Dignitaries spoke of the importance of art and culture to the province, as well as the significance of new designs for the facility that incorporate elements of Coast Salish weaving and other Indigenous artwork.
Shelley Joseph, sister of the late Kwakwaka'wakw artist Beau Dick, said the institution will hold importance for all communities in the province.
"It doesn't matter the colour of our skin, our background, whether we have money or don't have money," Joseph told hundreds attending the event. "There's nothing more powerful than art that can bring us together in such a visceral way, to elevate us together as human beings."
The new facility will be built on the corner of Cambie and West Georgia streets, seven blocks southeast of its current location.
The building's exterior was designed in collaboration with four Indigenous artists: Debra Sparrow of the Musqueam Nation, Angela George of the Tsleil-Waututh Nation and Squamish Nation artists Skwetsimeltxw Willard "Buddy" Joseph and Hereditary Chief Chepximiya Siyam' Janice George.
The gallery's leadership said the new location will finally allow the gallery to expand and host new exhibitions. The 117-year-old former courthouse building currently hosting the institution had grown too small to properly house its collections.
"I cannot reinforce how important this day is for us," said Vancouver Art Gallery CEO Anthony Kiendl. "A decade of this collective dream is finally here.
"Artists alter our perspectives. Art museums are uniquely equipped to share new knowledge with mass audiences … integral to our survival in the 21st century."
Kiendl said working with the Indigenous artists to redesign the building's exterior was a particular honour.
The weaving-inspired surface "embodies a Coast Salish worldview," he explained, "creating a blanket or veil that will protect the building and its inhabitants and collections."

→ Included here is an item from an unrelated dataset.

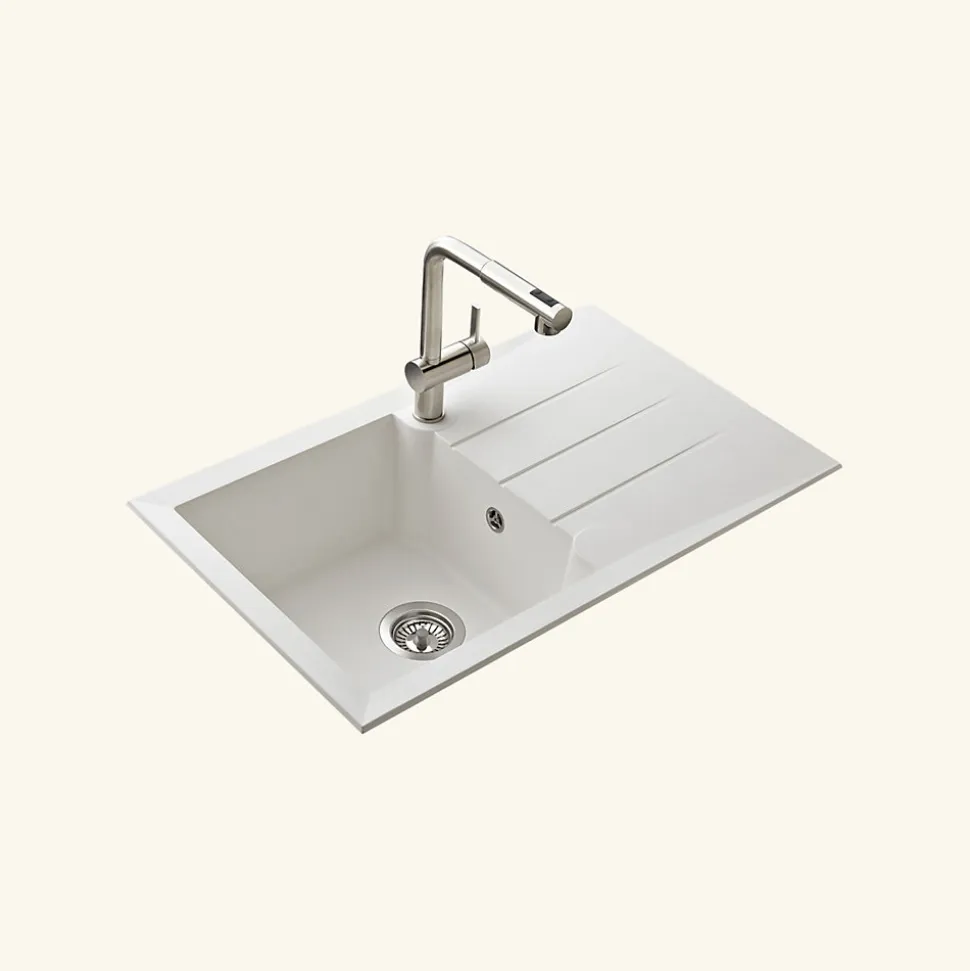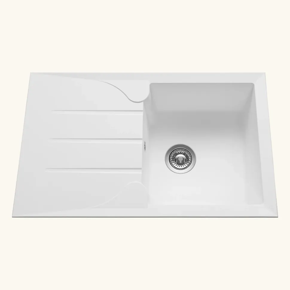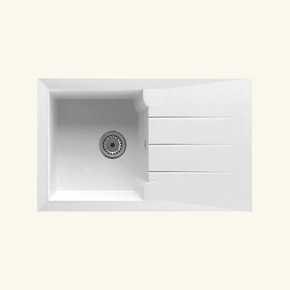POINTS FORTS : • Évier encastrable 81×50 cm •• Meuble sous évier 50 cm minimum •• Evier vidage manuel •• Évier réversible fabriqué en France CARACTÉRISTIQUES : • Équipements inclus : bonde(s), siphon, trop plein, tuyaux d’évacuation • Marque : Kümbad • Matériau : Résine • Type de pose : à encastrer • Positionnement égouttoir : réversible • Coloris : Blanc • Emplacement robinetterie : non percé • Nombre de bacs : 1 bac • Poids net (Kg) : 8.17 • Trop plein : oui • Sous-meuble : 50 cm • Longueur (mm) : 810 • Largeur (mm) : 500 • Longueur d’encastrement (mm) : 790 • Largeur d’encastrement (mm) : 480 • Grande dimension cuve 1 (mm) : 417 • Petite dimension cuve 1 (mm) : 377 • Profondeur cuve 1 (mm) : 210 • Diamètre bonde cuve 1 (mm) : 90 • Grande dimension cuve 2 (mm) : non disponible • Petite dimension cuve 2 (mm) : non disponible • Profondeur cuve 2 (mm) : non disponible • Diamètre bonde cuve 2 (mm) : non disponible • Bon à savoir : ce produit ne présente pas de spécificités supplémentaires • Vidage : manuel • Référence vidage : le vidage est déjà inclus

The gallery has so far raised 85 per cent of its total fundraising target of $400 million. The 300,000-square-foot building was designed by Swiss architectural firm Herzog & de Meuron.
When construction is complete, the institution will move its collections and archives from its current location to the new one several blocks east at 181 West Georgia St. in Larwill Park.
The proposed building will be of wood and glass and will be designed to have outdoor spaces that are sunny in the summer and protected from rain in the winter.
As for the event's title, organizers called it a "ground awakening" as opposed to the more typical "ground-breaking" ceremony, even though dignitaries symbolically planted shovels into the soil at the site of the art gallery's future home.
"We're really grateful to be invited to celebrate this huge moment — the ground awakening," Shelley Joseph said. "We believe this is our mother ... so we're not "breaking" our mother, we're "awakening" the space that's going to hold these stories, visions and relationship-building events that are going to happen in this building."
B.C. Premier David Eby was among those wielding a symbolic Vancouver Art Gallery shovel on Friday.
"The art gallery is outgrowing its space," he explained. "This new building, this amazing new art gallery — that incorporates Indigenous art and culture, that reflects the best of who we are as a province — is going to create so much opportunity for us to truly shine on the world stage."